The implementation of the techniques from the aforementioned paper has been integrated into the TFHE-rs library, version 0.4.
Modified or added source files are located in `tfhe/src/core_crypto/`:
- `algorithms/pseudo_ggsw_encryption.rs`
- `algorithms/pseudo_ggsw_conversion.rs`
- `algorithms/lwe_shrinking_keyswitch_key_generation.rs`
- `algorithms/lwe_shrinking_keyswitch.rs`
- `algorithms/lwe_secret_key_generation.rs`
- `algorithms/lwe_partial_secret_key_generation.rs`
- `algorithms/lwe_fast_keyswitch_key_generation.rs`
- `algorithms/lwe_fast_keyswitch.rs`
- `algorithms/glwe_secret_key_generation.rs`
- `algorithms/glwe_partial_secret_key_generation.rs`
- `algorithms/glwe_partial_sample_extraction.rs`
Test files are located in `tfhe/src/core_crypto/algorithms/test`:
- `lwe_stair_keyswitch.rs`
- `lwe_fast_keyswitch.rs`
Benchmarks are located in `tfhe/benches/core_crypto`:
- `ccs_2024_cjp.rs`
- `ccs_2024_fft_shrinking_ks.rs`
- `ccs_2024_stair_ks.rs`
# Dependencies
Tested on Linux and Mac OS with Rust >= 1.75 (see [here](https://www.rust-lang.org/tools/install) a guide to install Rust).
# How to run benchmarks
At the root of the project (i.e., in the TFHE-rs folder), enter the following commands to run the benchmarks:
- `make bench_ccs_2024_cjp`: Returns the timings associated with the CJP-based bootstrapping (Table 2, Line 1 + Figure 4, blue line);
- `make bench_ccs_2024_stair_ks`: Returns the timings associated with the "All+Stair-KS"-based bootstrapping (Table 2, Line 2 + Figure 4, red line);
- `make bench_ccs_2024_fft_shrinking_ks`: Returns the timings associated with the "All+FFT Shrinking-KS"-based bootstrapping (Table 2, Line 3 + Figure 4, green line);
This outputs the timings depending on the input precision.

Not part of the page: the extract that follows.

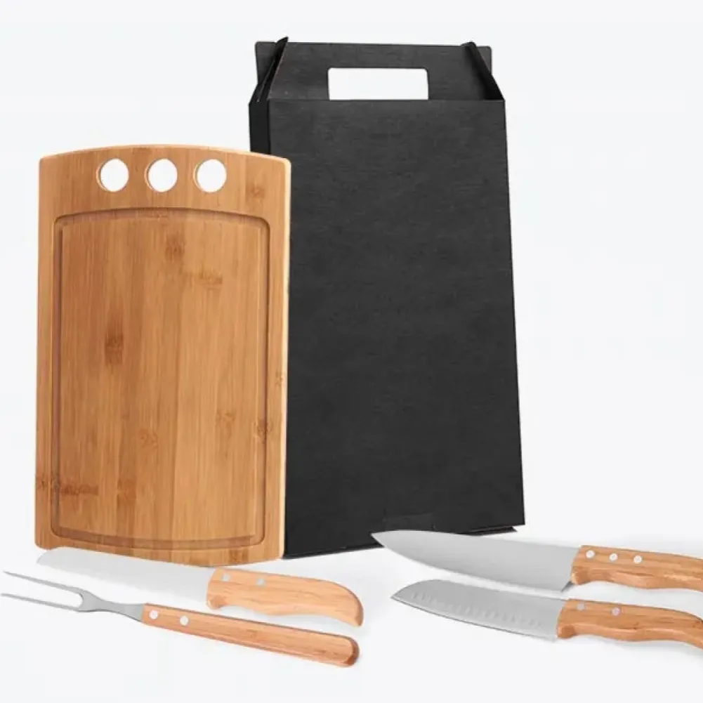 Conjunto composto por uma tábua retangular em tripla camada invertida de Bambu com três furos e sulco, e quatro peças com cabos em Bambu e lâminas em Aço Inox com rebites, sendo uma faca 8”, um garfo trinchante, uma faca Santoku 7” e uma faca 7” para pão. Produto ecológico. Tipo de gravação: Uma gravação a Laser na tábua e na lâmina da faca 8". Dimensões do produto: Tábua: 37x22,5x1,2cm Dimensões da embalagem: 390x240x50 mm (AxLxP) Peso da embalagem: 1.138 g Embalagem do produto: Caixa Preta

Since large precision (>= 6 bits) might be long to execute, particularly on a laptop, these are disable by default. To choose which precision to launch, please uncomment lines associated to the parameter names into the `param_vec` variable, inside the `criterion_bench` function inside one of the benchmark files.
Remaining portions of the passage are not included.